#### [TASK BRIEF]
Reproduce, exactly, the lines of the material below from the line containing "- Tranh 1: Mọi" through the line containing "Meta Furniture - كراسي", with both end lines included and nothing else.

#### [DATA SHOWN]
[Start of section]
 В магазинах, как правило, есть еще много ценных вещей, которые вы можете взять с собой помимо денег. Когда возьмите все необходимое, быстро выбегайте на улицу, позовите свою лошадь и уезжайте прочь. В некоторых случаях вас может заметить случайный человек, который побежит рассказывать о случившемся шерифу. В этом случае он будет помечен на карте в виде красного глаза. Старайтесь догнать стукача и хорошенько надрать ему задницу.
[End of section]
[Start of section]
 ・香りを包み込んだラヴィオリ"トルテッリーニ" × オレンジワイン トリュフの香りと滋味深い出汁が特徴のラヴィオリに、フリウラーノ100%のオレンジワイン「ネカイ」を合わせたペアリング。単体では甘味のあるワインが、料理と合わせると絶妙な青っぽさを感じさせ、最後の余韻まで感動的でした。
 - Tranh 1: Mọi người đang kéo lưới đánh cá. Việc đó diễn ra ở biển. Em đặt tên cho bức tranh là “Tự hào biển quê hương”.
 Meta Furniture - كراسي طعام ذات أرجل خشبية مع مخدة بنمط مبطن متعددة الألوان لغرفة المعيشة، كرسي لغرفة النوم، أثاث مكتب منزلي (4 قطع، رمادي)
[End of section]
#### [SOLUTION TO THE EXERCISE]
 - Tranh 1: Mọi người đang kéo lưới đánh cá. Việc đó diễn ra ở biển. Em đặt tên cho bức tranh là “Tự hào biển quê hương”.
 Meta Furniture - كراسي طعام ذات أرجل خشبية مع مخدة بنمط مبطن متعددة الألوان لغرفة المعيشة، كرسي لغرفة النوم، أثاث مكتب منزلي (4 قطع، رمادي)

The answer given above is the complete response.